REQUIRED ACTION:
For every record that follows, transcribe the text exactly and leave any image out.

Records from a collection
....................
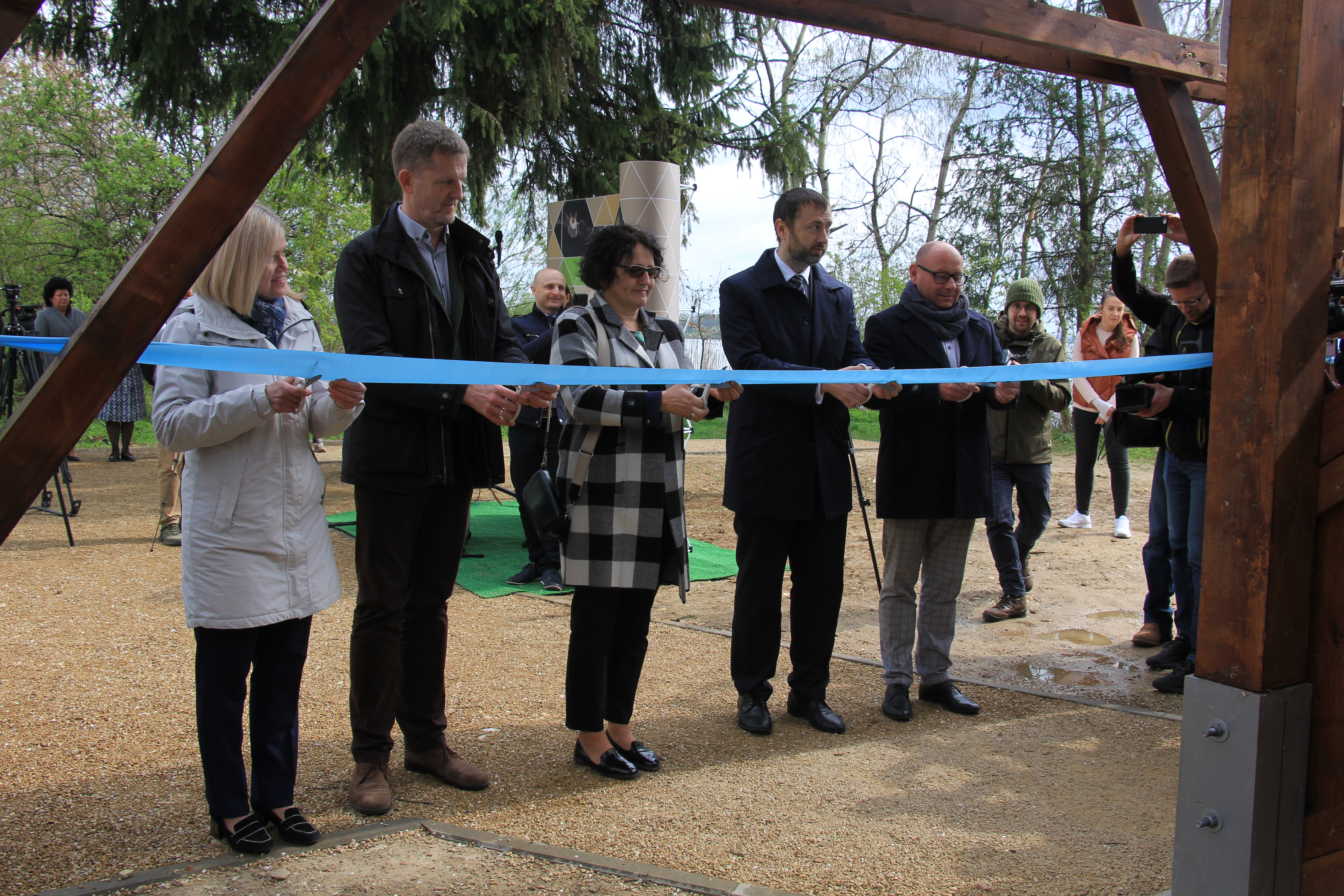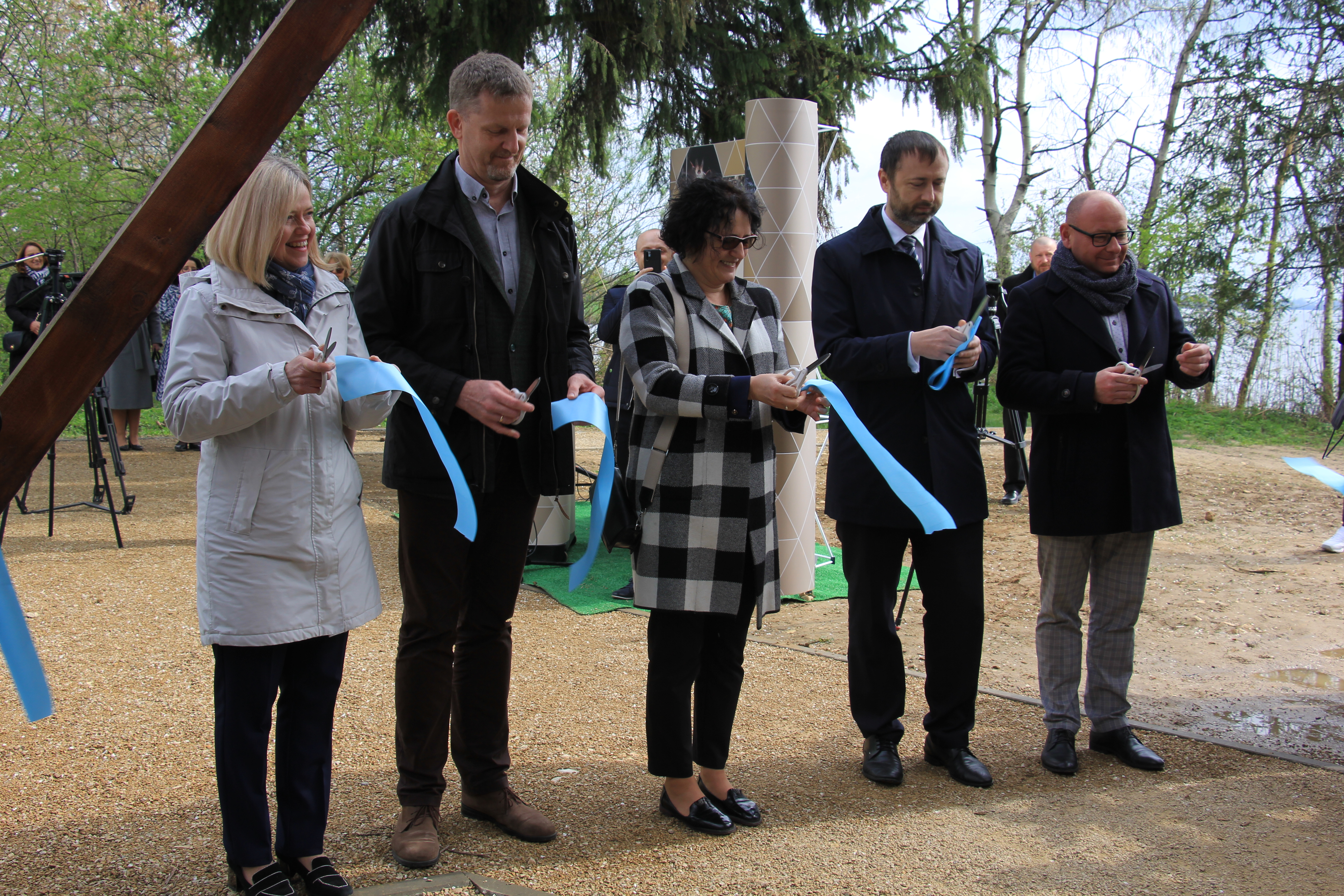 W otwarciu wieży widokowej wzięli udział przedstawiciele instytucji współfinansujący projekt - Narodowego i Wojewódzkiego Funduszu Ochrony Środowiska i Gospodarki Wodnej oraz przedstawiciele samorządów zaangażowanych we współpracę przy realizacji projektu LIFE VISTULA.
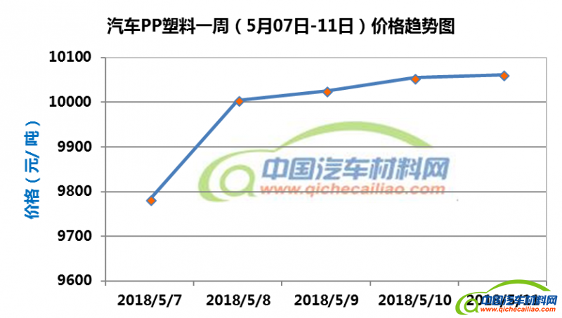 车用PP塑料本周价格持续上涨,一周内涨幅为136.28元/吨。车用PP塑料本周均价为10014.51元/吨,较4月份均价上涨2.96%。
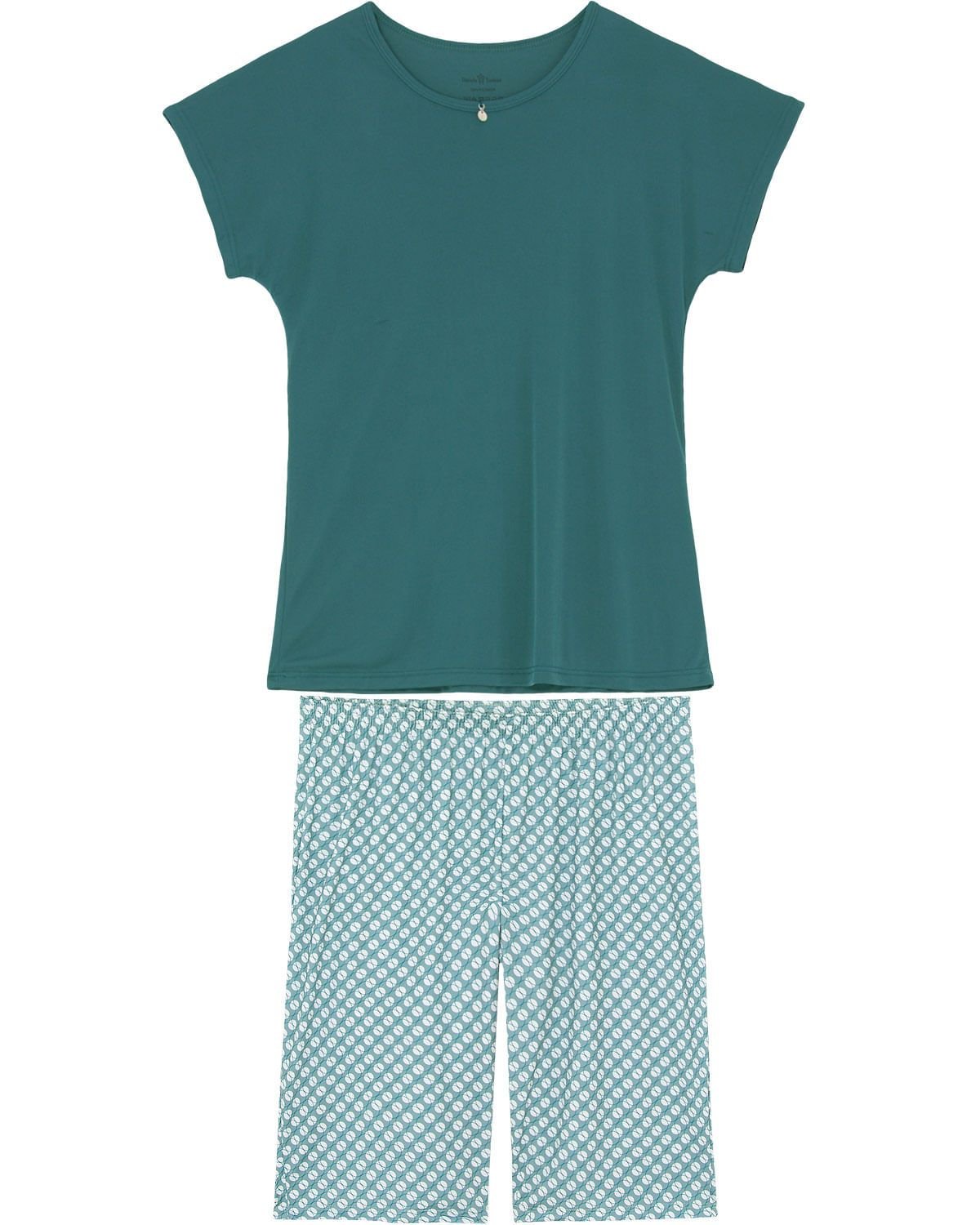 Despojado e leve, esse é com certeza é o bermudoll ideal para as noites de sono. A modelagem super atual, possui blusa lisa com detalhe de pingente e bermuda com comprimento até o joelho, seguindo a tendência geométrica. A peça confeccionada em Light Print possui toque geladinho, e um caimento leve que garante frescor ao contato com a pele. As estampas possuem mais definição e cor, além de brilho acetinado.
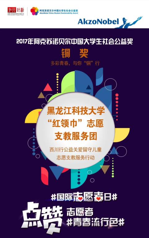2017年12月6日由共青团中央学校部、阿克苏诺贝尔中国共同举办的第六届阿克苏诺贝尔大学生社会公益奖揭晓,开云(中国)经济学院“红领巾”志愿支教服务团的“西川行公益关爱留守儿童志愿支教服务行动”德育实践项目经过激烈的角逐,荣获2017年度阿克苏诺贝尔中国大学生社会公益奖铜奖。
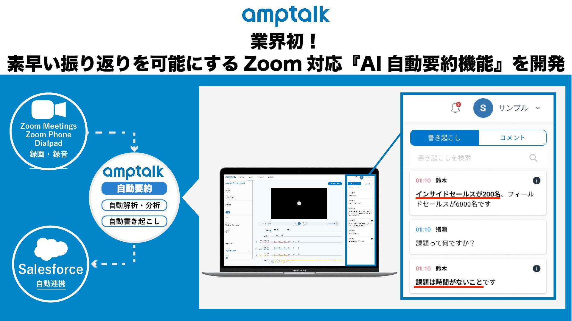オンライン商談ツールamptalk、業界初!素早い振り返りを可能にするZoom対応『AI自動要約機能』を開発
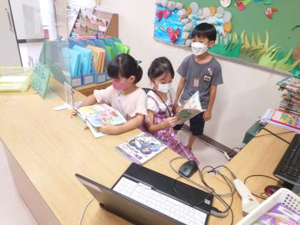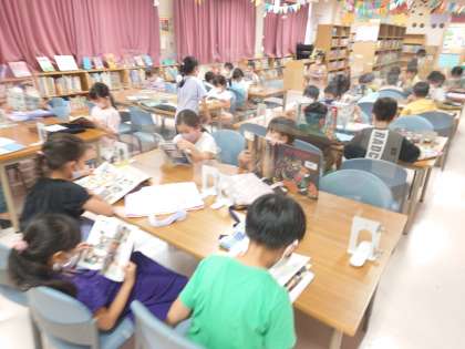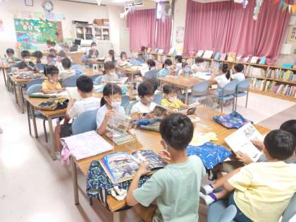 図書室で、子どもたちが静かに本を読んでいます。
....................
SOLUTION:
 W otwarciu wieży widokowej wzięli udział przedstawiciele instytucji współfinansujący projekt - Narodowego i Wojewódzkiego Funduszu Ochrony Środowiska i Gospodarki Wodnej oraz przedstawiciele samorządów zaangażowanych we współpracę przy realizacji projektu LIFE VISTULA.
 车用PP塑料本周价格持续上涨,一周内涨幅为136.28元/吨。车用PP塑料本周均价为10014.51元/吨,较4月份均价上涨2.96%。
 Despojado e leve, esse é com certeza é o bermudoll ideal para as noites de sono. A modelagem super atual, possui blusa lisa com detalhe de pingente e bermuda com comprimento até o joelho, seguindo a tendência geométrica. A peça confeccionada em Light Print possui toque geladinho, e um caimento leve que garante frescor ao contato com a pele. As estampas possuem mais definição e cor, além de brilho acetinado.
2017年12月6日由共青团中央学校部、阿克苏诺贝尔中国共同举办的第六届阿克苏诺贝尔大学生社会公益奖揭晓,开云(中国)经济学院“红领巾”志愿支教服务团的“西川行公益关爱留守儿童志愿支教服务行动”德育实践项目经过激烈的角逐,荣获2017年度阿克苏诺贝尔中国大学生社会公益奖铜奖。
オンライン商談ツールamptalk、業界初!素早い振り返りを可能にするZoom対応『AI自動要約機能』を開発
 図書室で、子どもたちが静かに本を読んでいます。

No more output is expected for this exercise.